Dynamic mother Isabelle remembers her first Christmas at her in-laws’ house like it was yesterday when she was a very young woman in her 20s. “Before dinner, there was a big argument between my mother-in-law and my mother-in-law. He tried to strangle her with pantyhose. Thirty years later, we’re still talking about it.” Outside of this dark affair, it was the first time Isabel had celebrated Christmas outside of her family. “But at home in Provence, everything revolves around midnight mass. We have soup for dinner, we go to church, and when we go out, we drink hot chocolate and taste the thirteen desserts. At my husband’s house, everything revolves around dinner. New Year’s Eve with foie gras and champagne, I had seen it in commercials, but I didn’t understand how we could have Christmas without putting religion at the center of the celebration.
Humor and perspective
You have been warned. For those who still want to make a good impression, Marie de Tilly recommends offering the recipient or couple “a big box of quality chocolates.” And to avoid giving your loved one an expensive gift in front of all the cousins who are going to exchange scented candles;
The etiquette specialist advises the new groom or bride to be interested in everyone, not to talk too much about themselves and to respond diplomatically. “We don’t show our differences, but everything doesn’t have to be wonderful. There’s no point in going overboard, it sounds fake. The best thing is to be an enriching person who adds a little positivity to the evening.

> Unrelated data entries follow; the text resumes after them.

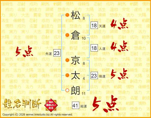 松倉京太朗さんの総運は41画の5点!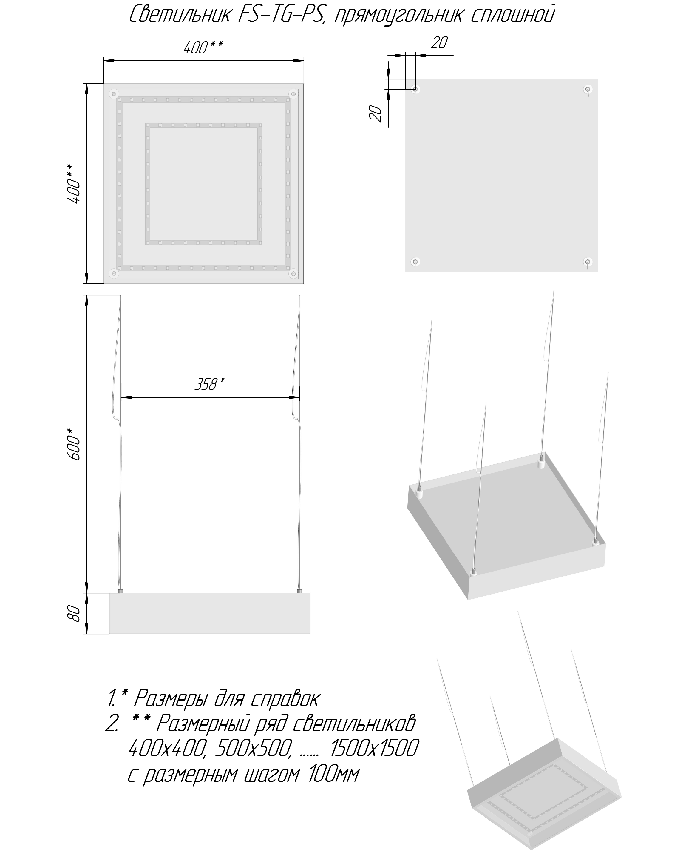 Светильник FS-TG-PS, прямоугольник, сплошной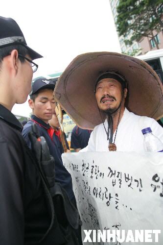 7月15日,在韓國首爾的日本駐韓國大使館前,一名抗議者流淚控訴日本竊取韓國的歷史和領土。當日,韓國民眾舉行示威,抗議日本中學教科書指導手冊將韓日有爭議的獨島(日本稱“竹島”)表述為日本領土。獨島位于朝鮮半島東部海域,面積0.18平方公里。韓國和日本都聲稱對該島擁有主權。目前該島由韓國控制。 新華社發(fā)(解澄宇攝)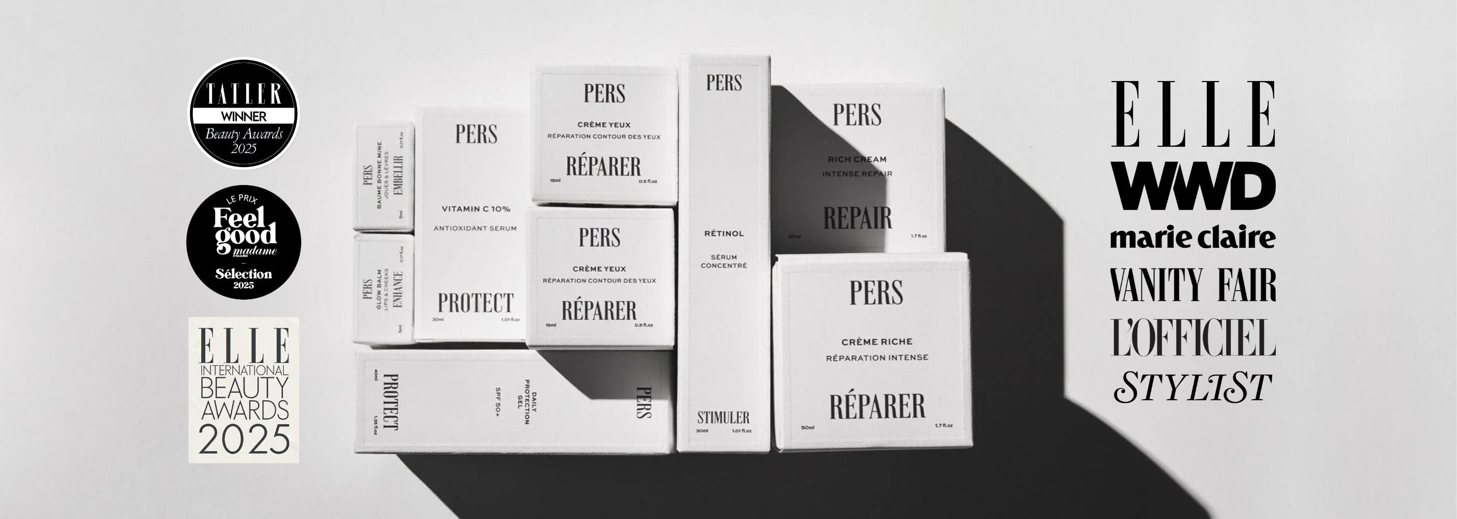 Les produits PERS sont formulés avec des actifs issus de l’univers dermo-cosmétique, sélectionnés pour leurs résultats prouvés. Toutes les formules sont Made in France, vegan, sans paraben, et contiennent jusqu’à 97% d’ingrédients d’origine naturelle.

As for new in-laws, they are advised not to bombard the newcomer with questions and avoid humiliating their loved one by bringing up embarrassing family anecdotes. “We have to be interested in him, but we have to be discreet and skillful, recalls Marie de Tilly. The idea is to calm him down. So this is also not the time to ask intimate or painful questions. Summarizing, “you need humor, perspective, and selflessness. Just because you’re entertaining doesn’t mean you’re the greatest family in the world. Everything should remain light, like champagne bubbles.